Sesampainya di hutan yang masih ditumbuhi pohon-pohon cukup tinggi, secara bersama-sama kawan-kawan Pak Hurin mulai menebang beberapa pohon yang diperuntukkan membuat rumah-rumah panggung. Rumah itu akan mereka gunakan untuk tempat mereka berteduh dan beristirahat selama mereka bekerja di kebun. Mereka bekerja dengan giat dan penuh semangat. Hanya Pak Hurin yang sebentar-sebentar berhenti bekerja dan duduk-duduk di bawah sebuah pohon yang rindang. Seringkali pula dia tertidur lelap. Seminggu kemudian rumah-rumah panggung mereka pun selesai.

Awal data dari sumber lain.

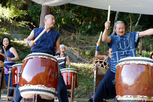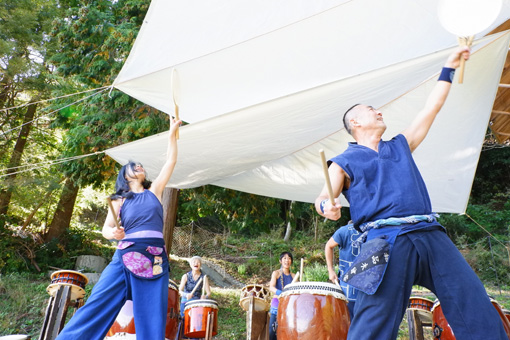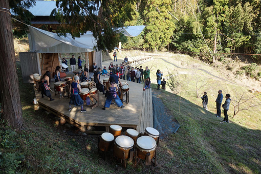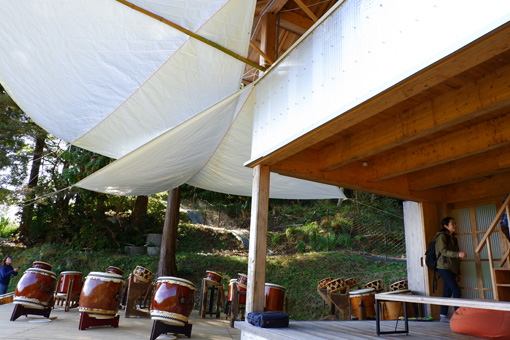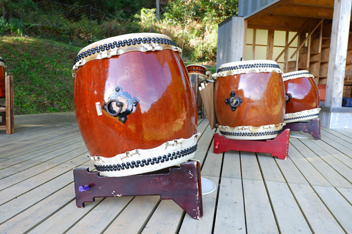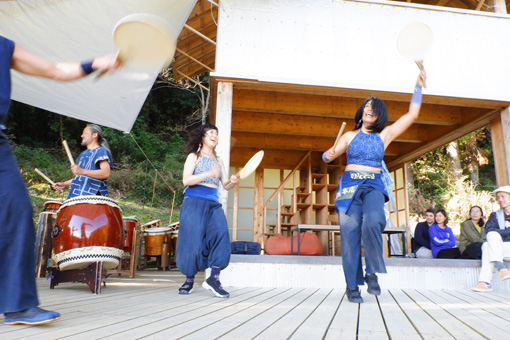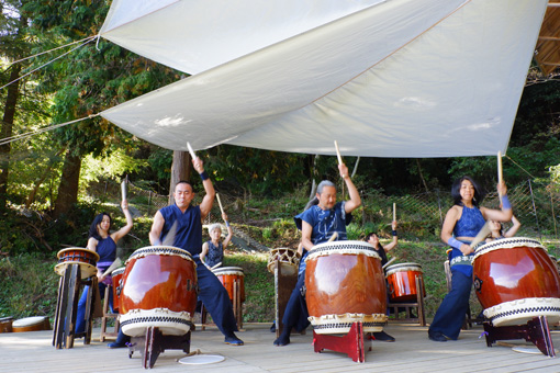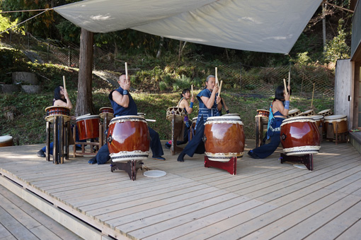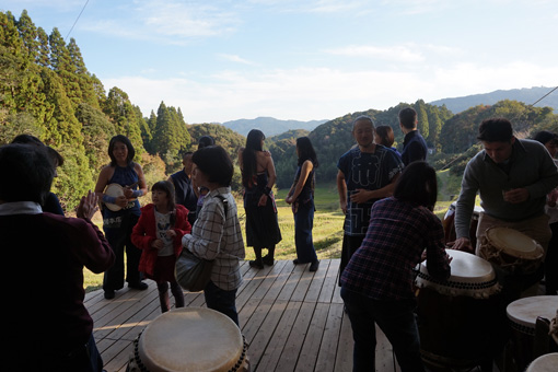 ドドーンと、棚田のウッドデッキで打たれた和太鼓のサウンドは里山全体へ響き渡りました。

Setelah itu, orang-orang mulai bekerja di kebun yang sudah mereka bagi-bagi sebelumnya. Mereka menebangi pohon-pohon yang tumbuh di areal kebun mereka masing-masing. Sementara Pak Hurin duduk di rumah panggung sambil merencanakan apa yang akan diperbuatnya pada kebun miliknya. Mula-mula direncanakannya untuk menebang pohon-pohon di sudut kebunnya.
“Sebaiknya aku mulai menebang dari sebelah timur,” kata Pak Hurin ketika dilihatnya di sebelah timur kebunnya terdapat sebuah pohon besar, ”hm…aku harus menebangnya dengan hati-hati supaya tidak mengenai kebun Tuk Somad,” katanya di dalam hati. Akan tetapi, kemudian Pak Hurin berubah pikiran. “Lebih baik dari sebelah selatan saja. Di sana ada sungai, kalau aku mulai menebas dari sana, tentu aku akan lebih mudah pergi ke sungai,” katanya lagi.
Pak Hurin masih sibuk dengan rencana-rencana di dalam pikirannya ketika perutnya mulai berbunyi, minta diisi.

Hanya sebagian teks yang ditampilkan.